Provided material Block Start
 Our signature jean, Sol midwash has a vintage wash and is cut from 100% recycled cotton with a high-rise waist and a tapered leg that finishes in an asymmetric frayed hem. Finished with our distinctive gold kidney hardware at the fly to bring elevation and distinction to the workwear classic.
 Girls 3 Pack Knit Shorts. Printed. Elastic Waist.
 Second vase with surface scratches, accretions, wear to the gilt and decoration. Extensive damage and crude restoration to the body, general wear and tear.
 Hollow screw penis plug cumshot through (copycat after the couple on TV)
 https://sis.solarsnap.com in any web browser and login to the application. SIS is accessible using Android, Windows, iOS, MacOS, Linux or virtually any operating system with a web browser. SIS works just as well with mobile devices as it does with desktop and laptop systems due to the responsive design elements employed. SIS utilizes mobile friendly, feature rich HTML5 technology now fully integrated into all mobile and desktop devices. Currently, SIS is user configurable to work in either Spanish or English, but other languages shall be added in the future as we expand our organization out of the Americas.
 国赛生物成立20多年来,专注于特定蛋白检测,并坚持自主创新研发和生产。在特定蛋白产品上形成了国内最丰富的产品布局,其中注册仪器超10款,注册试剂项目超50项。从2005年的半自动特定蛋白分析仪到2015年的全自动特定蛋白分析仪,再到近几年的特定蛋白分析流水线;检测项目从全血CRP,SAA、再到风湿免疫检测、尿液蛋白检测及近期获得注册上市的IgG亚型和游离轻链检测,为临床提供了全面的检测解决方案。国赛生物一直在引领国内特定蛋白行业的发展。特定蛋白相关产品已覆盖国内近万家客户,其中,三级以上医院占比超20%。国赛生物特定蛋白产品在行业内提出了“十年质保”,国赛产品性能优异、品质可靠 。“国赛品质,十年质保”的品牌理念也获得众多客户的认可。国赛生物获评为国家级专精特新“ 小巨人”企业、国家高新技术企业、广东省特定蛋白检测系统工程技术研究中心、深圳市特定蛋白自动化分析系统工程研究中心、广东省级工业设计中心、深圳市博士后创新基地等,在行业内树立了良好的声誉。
Provided material Block End
What you will do> Each record above has to be set down again, exactly and completely.

Answer to this task>
 Our signature jean, Sol midwash has a vintage wash and is cut from 100% recycled cotton with a high-rise waist and a tapered leg that finishes in an asymmetric frayed hem. Finished with our distinctive gold kidney hardware at the fly to bring elevation and distinction to the workwear classic.
 Girls 3 Pack Knit Shorts. Printed. Elastic Waist.
 Second vase with surface scratches, accretions, wear to the gilt and decoration. Extensive damage and crude restoration to the body, general wear and tear.
 Hollow screw penis plug cumshot through (copycat after the couple on TV)
 https://sis.solarsnap.com in any web browser and login to the application. SIS is accessible using Android, Windows, iOS, MacOS, Linux or virtually any operating system with a web browser. SIS works just as well with mobile devices as it does with desktop and laptop systems due to the responsive design elements employed. SIS utilizes mobile friendly, feature rich HTML5 technology now fully integrated into all mobile and desktop devices. Currently, SIS is user configurable to work in either Spanish or English, but other languages shall be added in the future as we expand our organization out of the Americas.
 国赛生物成立20多年来,专注于特定蛋白检测,并坚持自主创新研发和生产。在特定蛋白产品上形成了国内最丰富的产品布局,其中注册仪器超10款,注册试剂项目超50项。从2005年的半自动特定蛋白分析仪到2015年的全自动特定蛋白分析仪,再到近几年的特定蛋白分析流水线;检测项目从全血CRP,SAA、再到风湿免疫检测、尿液蛋白检测及近期获得注册上市的IgG亚型和游离轻链检测,为临床提供了全面的检测解决方案。国赛生物一直在引领国内特定蛋白行业的发展。特定蛋白相关产品已覆盖国内近万家客户,其中,三级以上医院占比超20%。国赛生物特定蛋白产品在行业内提出了“十年质保”,国赛产品性能优异、品质可靠 。“国赛品质,十年质保”的品牌理念也获得众多客户的认可。国赛生物获评为国家级专精特新“ 小巨人”企业、国家高新技术企业、广东省特定蛋白检测系统工程技术研究中心、深圳市特定蛋白自动化分析系统工程研究中心、广东省级工业设计中心、深圳市博士后创新基地等,在行业内树立了良好的声誉。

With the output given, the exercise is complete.